Clip in Livestream Fail: popular male streamer reads a comment in chat from a female username, "your shirt makes me feel so hot can you undo one of the buttons". Streamer says, "yeah you are getting permabanned" and waves to the camera while banning the chatter.
Polzie's two rogue videos, made before Gegon's first PvP video, and parodied by the last World of Roguecraft video:
https://drive.google.com/drive/folders/1g80EUBDJr54tYKqhjW1HEBjHPlicUw14
I spent a while trying to fix the first one a little, making slight volume adjustments to the louder songs and waiting two hours for a 1080p transcode to finish, and then I uploaded it to YouTube but there's a several-hour processing delay because of all the 4K videos people upload and I don't even know if the songs will be muted. So I'm just linking the original files.
(I probably only watched the World of Roguecraft videos once, and am not watching them again now, but from the first one, Episode 3, the quote "Warlocks can't beat warriors either": compare to Polzie's warlock PvP video where she says that warriors are the weakest 1v1 class and defeats several warriors.)
Females are more likely to be offended by someone saying they are attracted to the female. This is, to some degree, a problem created by itself, just like how bad words are only bad because people know that they are bad. There might be males who feel they are just as upset when a female says she is attracted to the male, but because most people don't think it's wrong for a female to say this, a male who encounters this does not have to deal with the aspect of "someone doing something that they should know is wrong".
And so, especially when using a public communication method, I am careful about whether I imply that I like you, or about any suggestion that I think that you might like me.
Having started to stalk your TikTok page, I have watched a number of your recent videos. These reveal things about your life, attitudes, and activities that might not come up during a typical stream. I would say that I am critical of some things. But it's possible that the things I criticize are part of why you are popular. The common perception is that TikTok is filled with things that are unimportant, including dances to snippets of songs, and this perception would not exist if it were not true. Short videos about topics that people consider to be serious do not get as much attention as short videos that do not require a viewer to know anything that isn't contained within the video.
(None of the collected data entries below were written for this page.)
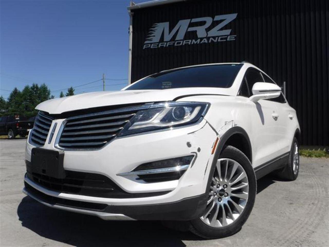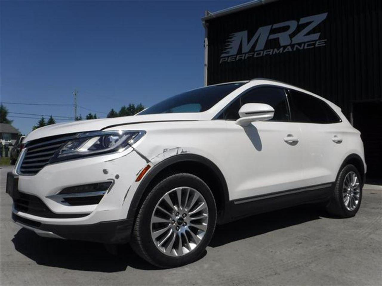 Lincoln MKC AWD 2.0L Ecoboost 2015 Blanc Perlé avec intérieur en cuir noir et bois laminé, choix de couleur sublime - ÉTAT NEUF- Véhicule haut de gamme sans pareil - Extrèmement recherché auprès de nos clients!! Très rare sur le marché!! Faites vite il ne restera pas longtemps disponible ça c'est sur!!! FULL FULL ÉQUIP!! Ce magnifique VUS ne laisse personne indifférent - * Visitez le WWW.MRZPERFORMANCE.COM pour tous les détails et beaucoup plus de photos! * - Puissant Moteur 4 cyl 2.0l Ecoboost avec transmission automatique 6 vitesses. Traction intégrale AWD - Très bas kilométrage!! - seulement 48 200 km! Modèle de VUS très luxueux et absolument tout équipé!! Intérieur en cuir noir - Sièges électriques,chauffants et climatisés - vrai bois laminé dans les portes et tableau de bord - Toit ouvrant panoramique - Système de navigation GPS avec grosse écran tactile - A/C bi-zone - Key less entry pad - MY LINCOLN TOUCH - Sirius - Système de son avec sub - Moniteur d'angle mort - Lecteur CD MP3 - Vitres électriques - Miroirs électriques et chauffants - Aileron - Mags 18'' avec Pneus Michelin en bon état!! - Vitres teintés - Fog lights - Grille avant chrome - Commandes au volant - Bluetooth - Caméra de recul - Sensor de recul - SYNC - Chauffe moteur - Push button (démarrage) - Prise 12V - 2X Clé intelligentes avec Démarreur distance OEM - Prise USB - Wiper intermittent - AWD - Cruise control - Volant chauffant - Télécommande porte garage - Conduit chauffage arrière - Commandes changement de vitesse au volant - Rack toit chrome - Lumières HID - Superbe finition bois - Hayon a commande électrique - Pédale ajustable - Sièges arrières chauffants - Cache bagage -etc!! Accidenté légèrement à l'avant ainsi que tres légèrement a l'arrière droit du véhicule. Ce superbe MKC est présenté tel que nous l'avons acheté, pas étiré et pas camouflé comme chez la compétition. Acheté en marche, run and drive. Aucun camouflage de dommages sur nos véhicules! Pour la réparation, Besoin des 2X Ailes avant, Hood, Support radiateur supérieur, Lumière avant droit, Bumper avant assemblé, Shutter, Fog droit, 2X Moulures d'ailes gauche, Porte arrière droit, Moulure d'aile arrière droit ainsi que de quelques plastiques de finitions. A réparé: Longeron avant droit (légèrement) et le Dog leg arrière droit (légèrement). Il y a 3X Mags d'égratignés (voir photo). Le Bumper arrière est égratigné. Tous les radiateurs semble pleins et intacts. La Table inférieur avant gauche à été changer lors de l'arrivée du véhicule sur place. Tous les ballons et ceintures sont intacts. Nous pouvons vous fournir les pièces nécessaires à la réparation de ce véhicule à prix très compétitif. Disponible tel quel ou réparé par des professionnels et inspecté par la SAAQ - Accident vraiment très facile à réparer avec toute la mécanique intacte et en parfait état de marche. Impact à eu lieu directement dans le mou vraiment léger! La plus belle accident possible! Ne manquer pas la chance de vous procurez ce véritable bijou! Faites vite modèle de VUS très populaire et surtout très rare sur le marché!! ÉTAT NEUF!! - *** Pas de camouflage de dommages sur nos véhicules! - * VGA CANADIEN / SALVAGE TITLE*- PLUSIEURS AUTRES VUS / MULTI-SEGMENT EN STOCK!!! Venez nous voir ou allez visiter notre site internet pour plus d'informations! *** Achetez en toute tranquillité car nous sommes membres AMVOQ! Automobiles MRZ, la référence dans l'accidenté léger au Québec! WE SPEAK ENGLISH PLEASE CONTACT US - MRZ IS THE VEHICLE CAR EXPORT AND IMPORT SPECIALIST - USA - AFRICA - MIDDLE EAST - EUROPE - MRZ EST LE SPÉCIALISTE EN EXPORTATION et IMPORTATION DE VÉHICULES - USA - AFRIQUE - EUROPE - PROCHE ORIENT Visitez-nous aussi sur Facebook! Merci!
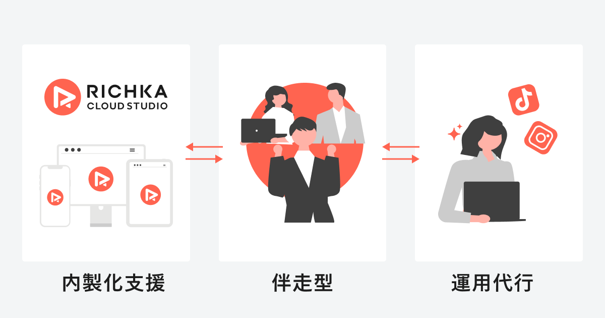 ノウハウが社内に溜まりづらい、ツール等を活用して内製化をするには作業負荷が大きすぎる等、SNS運用担当者の業務内容は複雑化しており、作業負荷が大きくなっています。そのような課題を解決するために内製化を支援しながら、業務負荷が大きい部分を中長期でサポートする “伴走型”の支援サービスを開発しました。
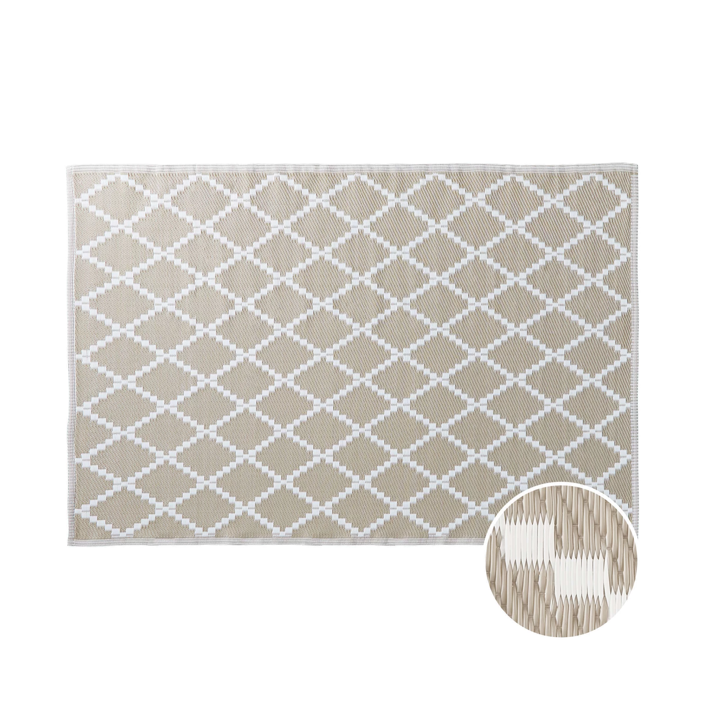 Weil Sie auf wohnlich und zugleich pflegeleicht stehen, legen Sie sich den modernen Colour Clash Outdoorteppich mit natur-farbenem Rauten-Muster und Bastteppich-Struktur zu Füßen. Und das nicht nur auf Ihrem Balkon oder Ihrer Terrasse, sondern gerne auch indoor im Wohnbereich. So läuft es sich drinnen wie draußen spürbar angenehm. Aus robustem Kunststoffgewebe, UV-beständig.
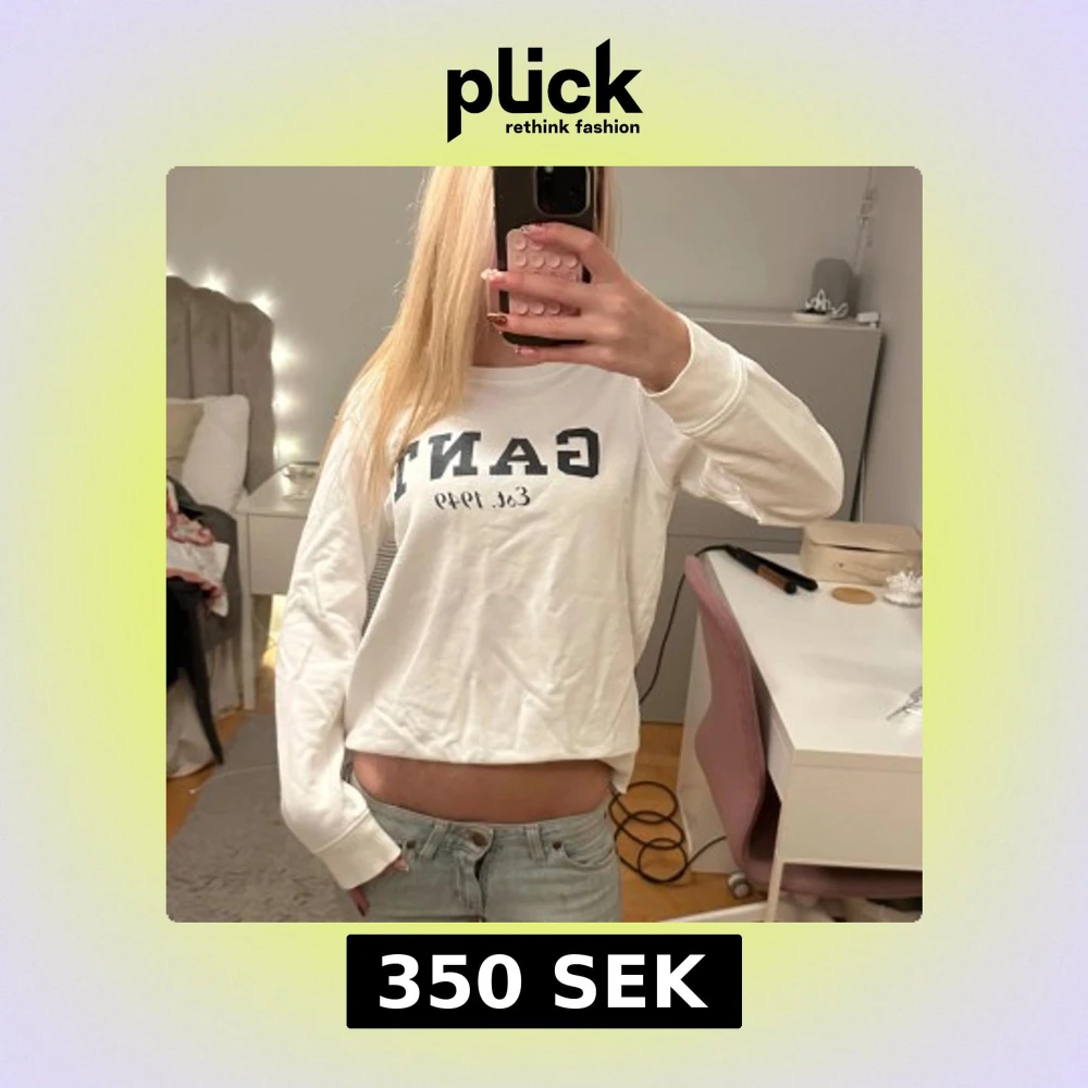 Vit sweatshirt från GANT med mörkblå tryckt logga och text 'Est. 1949' på bröstet. Tröjan har rund hals, långa ärmar och ribbade muddar vid ärmslut och nederkant. Tillverkad i mjuk bomull, perfekt för chill dagar.

And if you weren't popular, I wouldn't have learned that you existed and tried to contact you. If you acted in a way I couldn't criticize, maybe you never would have become popular enough as a streamer to put off continuing your engineering degree.
For example: I deleted a few temporary files to free up memory for the video I was transcoding into a memory-based filesystem, including a copy of this video, by the dance group Oh Hi Yo (which sounds like the pronunciation of Japanese おはよう ohayou, meaning "good morning", which is probably intended as Japan is viewed positively in Taiwan). That video only has 10k views, not a lot. But a video from the same day, uploaded by the actual group 歐嗨呦OhHiYo on their YouTube account, has only 520 views, and the account only has 8k subscribers.
I might say, "what these people choose to do as friends and the attitudes that it appears they might have, seem better than what you, Pokimane, and your friends do". But their account has 8k subs. Your account has over 6 million.
Your Chirp Club like count has been creeping up today and I am just waiting for you to say something there. I don't really have a point with this post and I was thinking earlier that it's like the posts here from 2013~2019 or whatever that I unpublished. It's just sort of about a thing which could be "common knowledge" in the game-theory sense, but might not be purely because of people being stupid, and I might have decided to say something simply because of your like count going up, with no other way for me to indicate that I had noticed this.
Also, a few days ago I read about the two generals problem (which is relevant to "common knowledge") and you know what, I think it's poorly defined. It mentions that it's relevant for TCP (protocol), and in general it's probably a useful problem to think about, but what I thought:
If the generals keep sending the message, "I'll attack if I know that you're going to attack and that you received this message", then it makes sense that unlimited messages don't help, because each message includes the "if".
Whereas if one of them sends the message, "I will attack if I receive confirmation that you received this message", and the other replies with the exact same message, then both of them will know what the other is doing after a few replies. As an intermediate step, after the first reply, the first general knows he or she will attack while being uncertain whether the second general will receive the second reply and therefore commit to the attack, but it doesn't seem like a flaw in the decision-making process. Either the default without further communication after a certain point is to attack, or the default is to not attack; there has to be a default action, and the problem setup does not point to a default of 'attacking' being worse than 'not attacking'.